On albums like the conceptual piece Marbles and the just released Somewhere Else, Marillion continue to display the dazzling prog-rock musicianship and dramatic flair of earlier records like Script For A Jesters Tear, while wrapping the songs themselves in a decidedly more modern sounding package. On their new album Somewhere Else, the songs deal in themes ranging from the alienation felt from a failed relationship ("The Wound") to nothing less than a prophetic, political cry to save us from ourselves ("The Last Century Of Man").

While fans who remember Marillion from the Fish years can continue to appreciate the lush, romantic sweep and pristine production of such newer efforts, there is a far greater emphasis now on song structure. Indeed, there is nothing dated sounding about Marillion in their modern day incarnation.

Marillion have also developed a unique fan-based way of marketing their albums by pre-selling them through their website, which makes the boast "find a better way of life at" Although they went through more traditional distribution channels for the current Somewhere Else album, past pre-sales through the internet have actually served to finance recording costs and even entire concert tours.

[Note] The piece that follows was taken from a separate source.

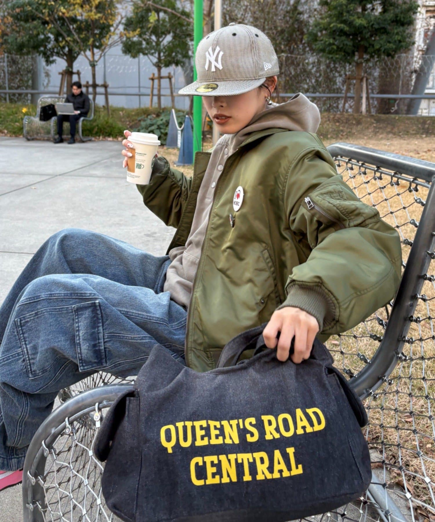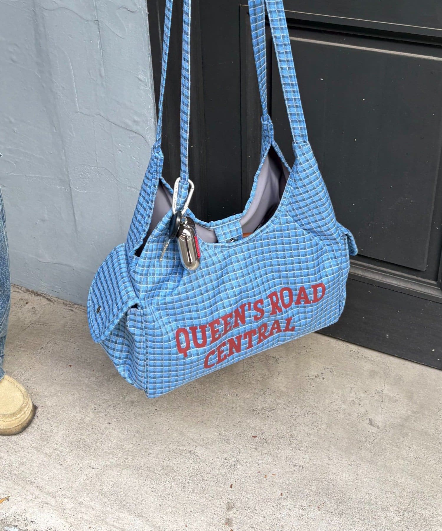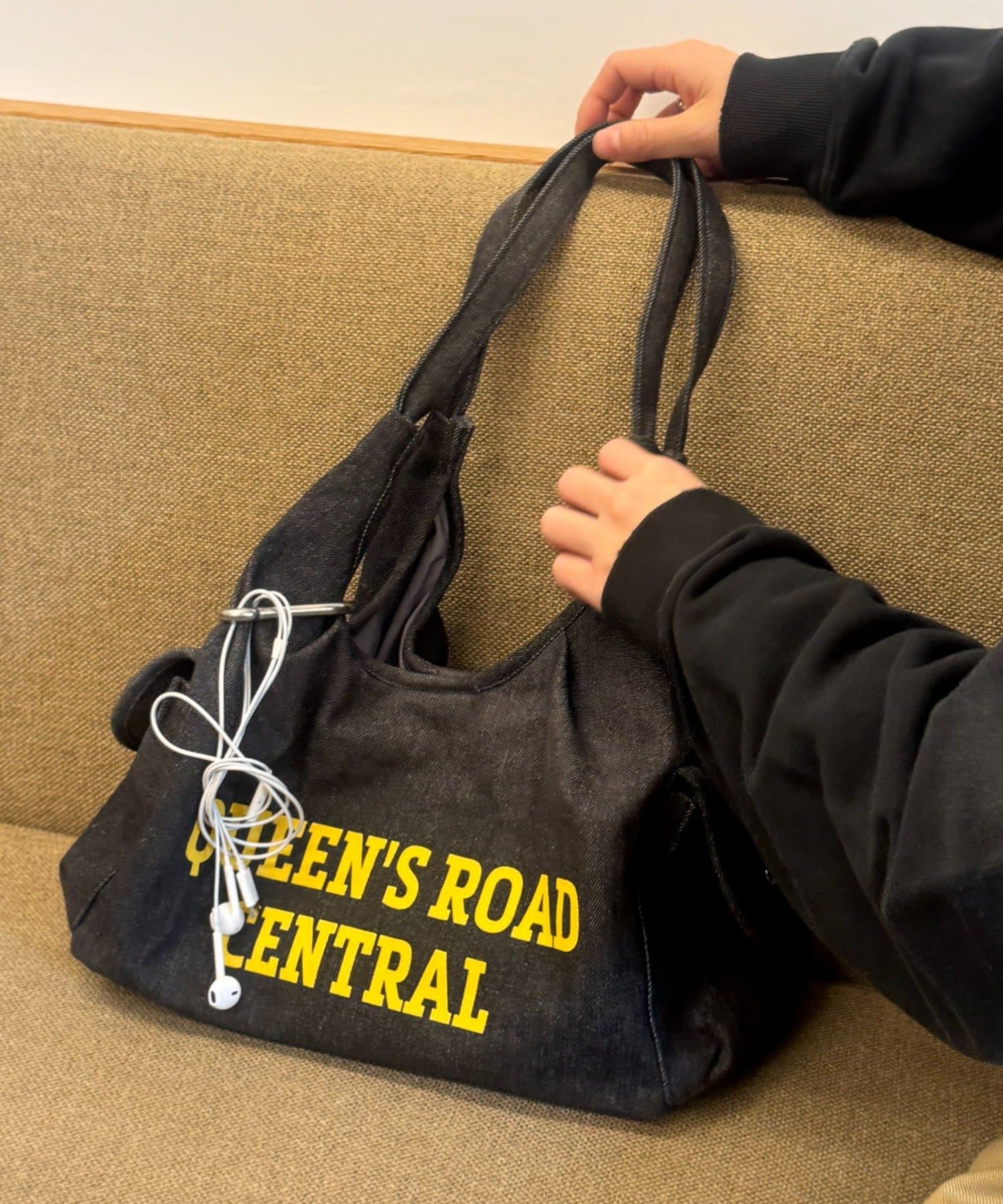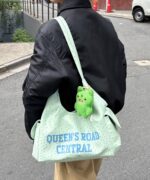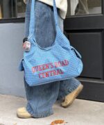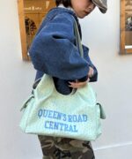 フロントに大胆にプリントされたロゴが、都会的で洗練された印象を与えるバッグ。

They are already pre-selling their next album, scheduled for a 2008 release through the website.

Over this past weekend, we caught up with Marillion drummer Ian Mosley while the band was soundchecking just prior to a show in Paris. In a wide ranging conversation, we covered topics from the band's long and storied history to it's unique fan-based marketing. We we're even able to coax a Fish drinking story (where do you think he got his name?) from Mosley.

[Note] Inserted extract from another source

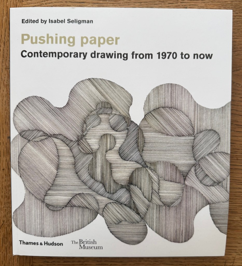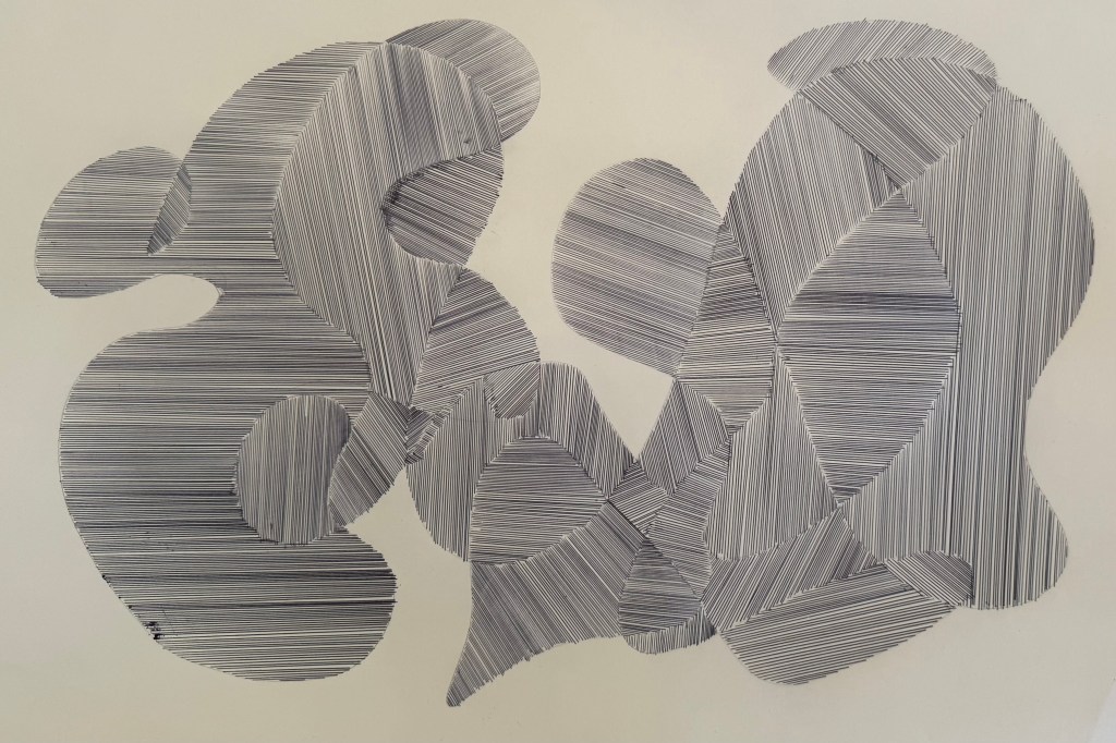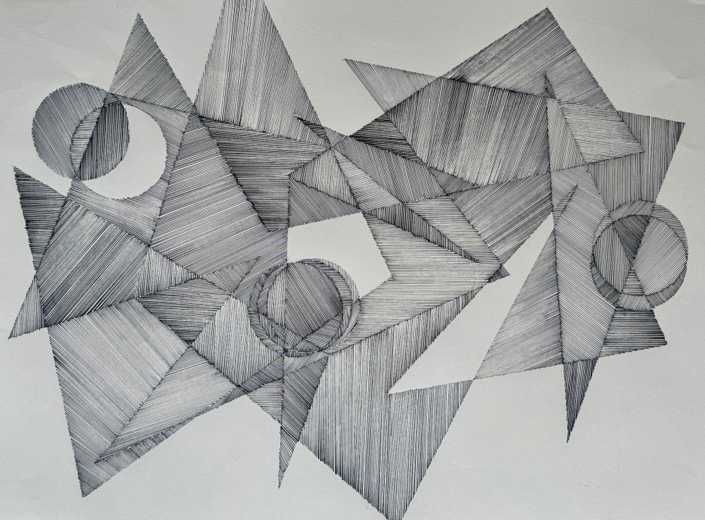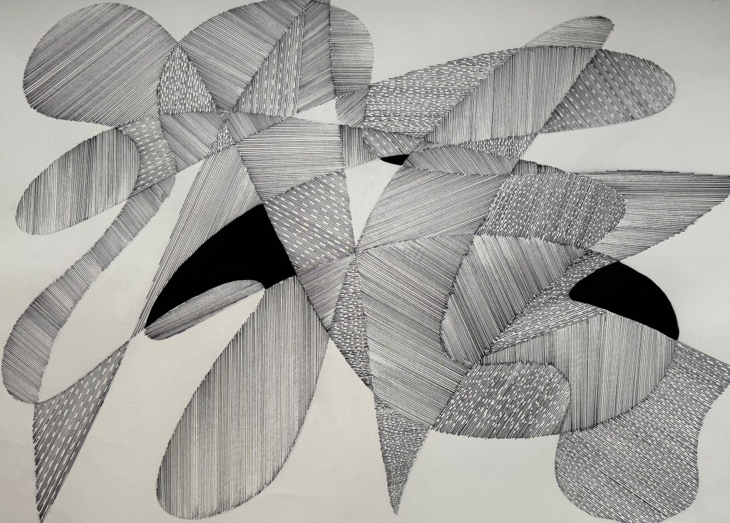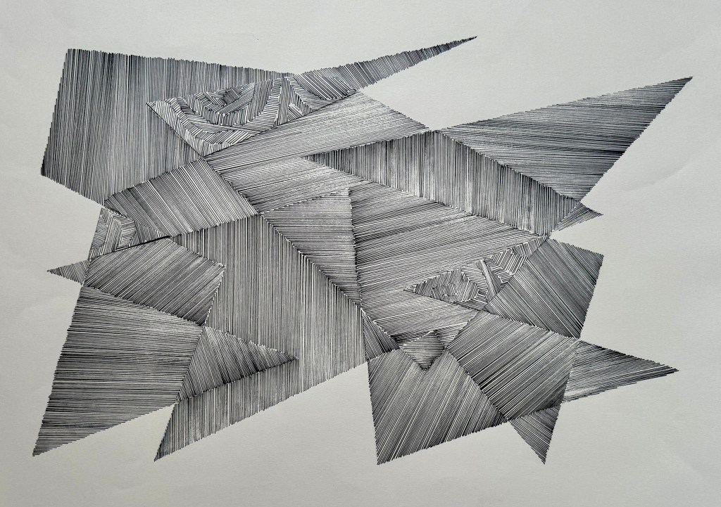 Next, I decided to try lines and I used the same pen throughout (0.8mm). I incorporated a collage element in some of the sections – cut outs from some contour work – which I think creates an effective contrast. There’s a strong sense of something having been folded, creating numerous different planes – almost like origami. The collages areas remind me of chipboard.

So take us from Marillion back in the Fish days to where the band is at now.

Right. We did quite a few tours in America with Fish. We were with Capitol Records back then and we did quite a few gigs, but we really didn't ever manage to break through. The only thing was towards the end when the album Misplaced Childhood was out. We did a really short tour with Rush, where we played arenas and that was really good. And then we went back a bit later and played some of the same arenas ourselves, but it was really more in Canada than in the USA. We love touring in the States, but economically it's always a bit of a disaster for us.

Any chance of getting over here again anytime soon?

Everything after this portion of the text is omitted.